• [Problem]: The listing is to be transcribed in full, with its images left out.

• [Exercise data]:
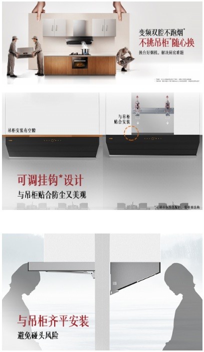 可调挂钩,设计,与橱柜完美契合;700mm,800mm,900mm,多尺寸供选择;宽度同橱柜标准宽度,美观不碰头。轻松便捷换,享受最新创新科技的厨电产品。
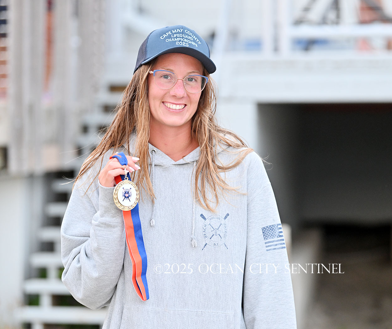 Avalon’s Becca Cubbler, a dominant force in women’s lifeguard swim competitions in the past few years, repeated her victory to give the AVP 18 points through the first four events. Ocean City’s Rhylee Cornell was second, Mary Kate Leonard of the Sea Isle City Beach Patrol third, Upper Township’s Ava Smith fourth and Stone Harbor’s Reese Hetzer fifth.
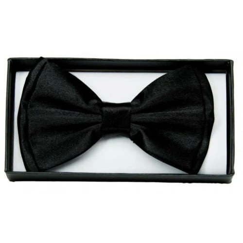 These very nice quality satin bow ties will have you looking very distinguished! Individually boxed. Each has an adjustable band with clasp which makes for an easy fit for all sizes!
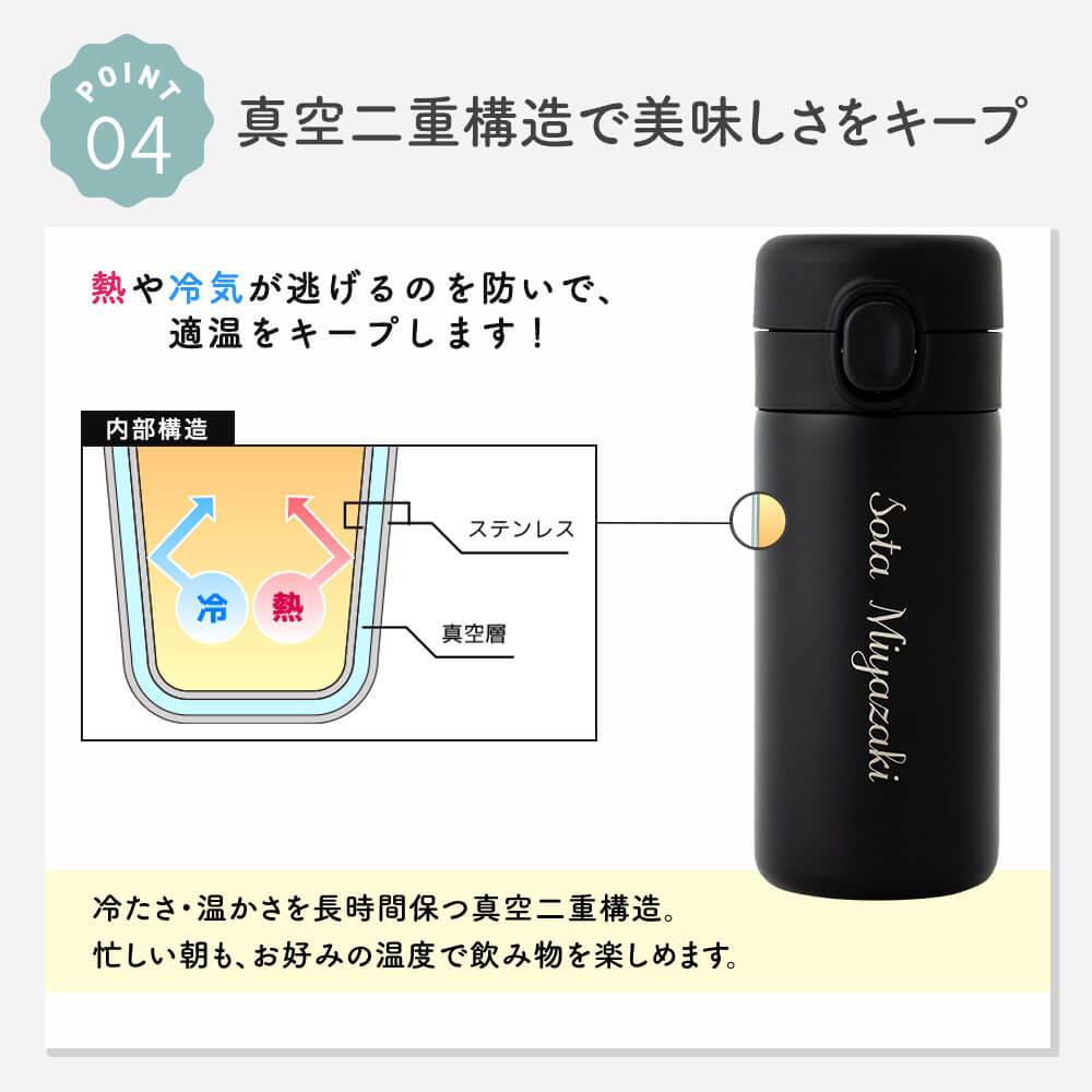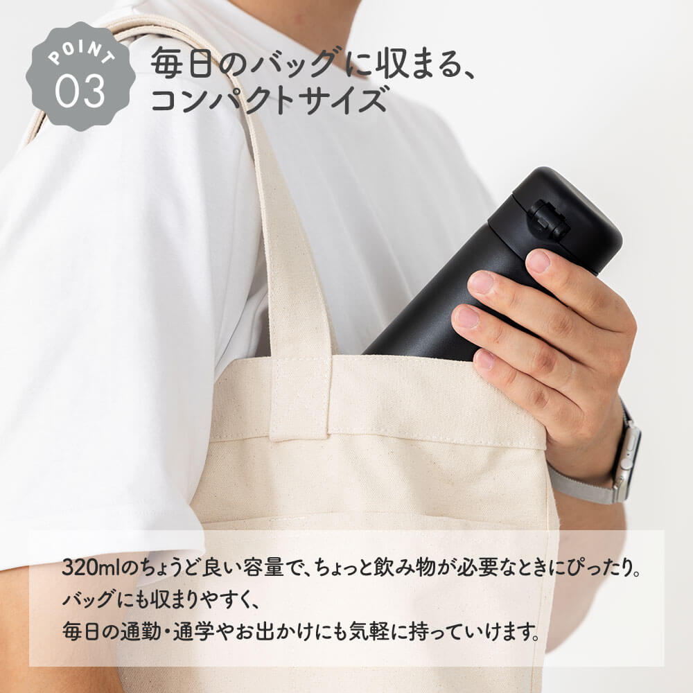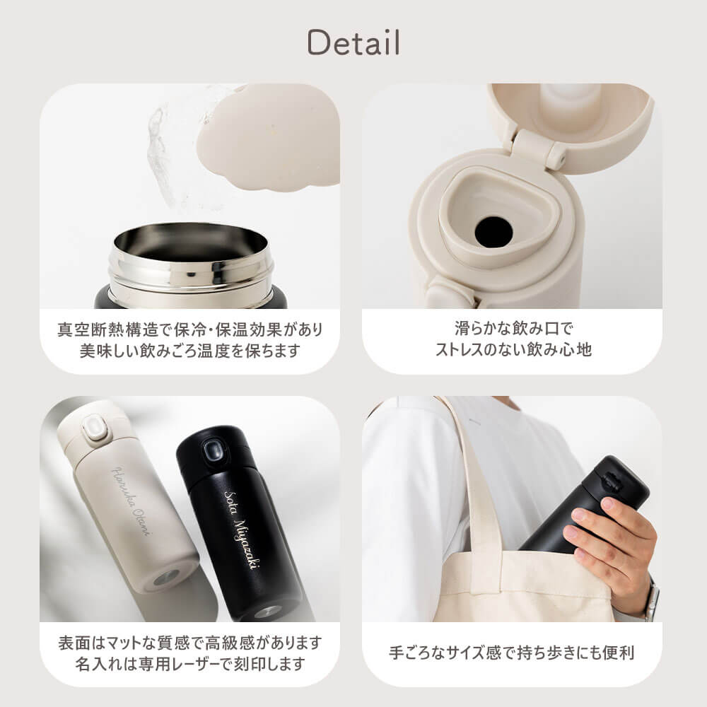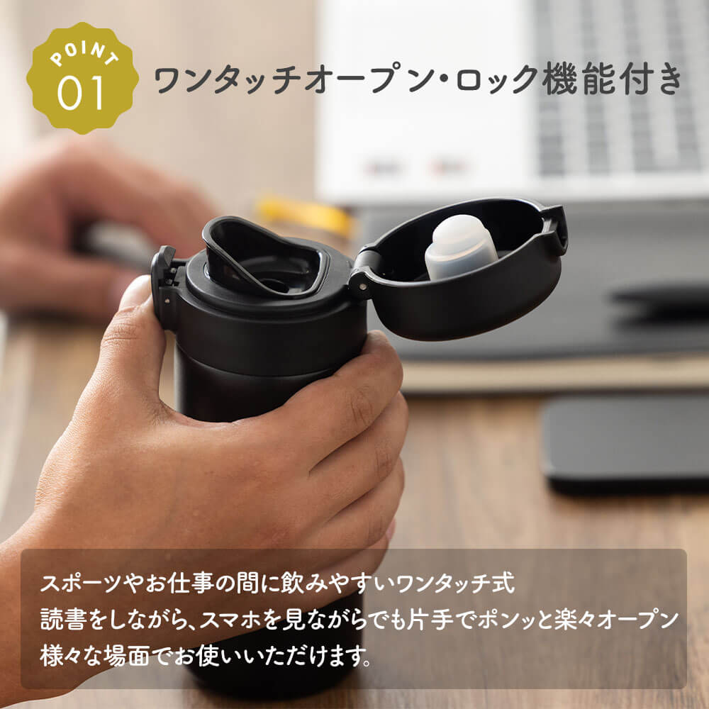 | 商品詳細 | 片手でサッと開けられるワンタッチ開閉式だから、通勤中や仕事中でもスムーズに水分補給。 ボタンひとつでストレスなく開け閉めできるから、移動中や子育て中の方にも人気です。 |

• [Response area]:
 可调挂钩,设计,与橱柜完美契合;700mm,800mm,900mm,多尺寸供选择;宽度同橱柜标准宽度,美观不碰头。轻松便捷换,享受最新创新科技的厨电产品。
 Avalon’s Becca Cubbler, a dominant force in women’s lifeguard swim competitions in the past few years, repeated her victory to give the AVP 18 points through the first four events. Ocean City’s Rhylee Cornell was second, Mary Kate Leonard of the Sea Isle City Beach Patrol third, Upper Township’s Ava Smith fourth and Stone Harbor’s Reese Hetzer fifth.
 These very nice quality satin bow ties will have you looking very distinguished! Individually boxed. Each has an adjustable band with clasp which makes for an easy fit for all sizes!
 | 商品詳細 | 片手でサッと開けられるワンタッチ開閉式だから、通勤中や仕事中でもスムーズに水分補給。 ボタンひとつでストレスなく開け閉めできるから、移動中や子育て中の方にも人気です。 |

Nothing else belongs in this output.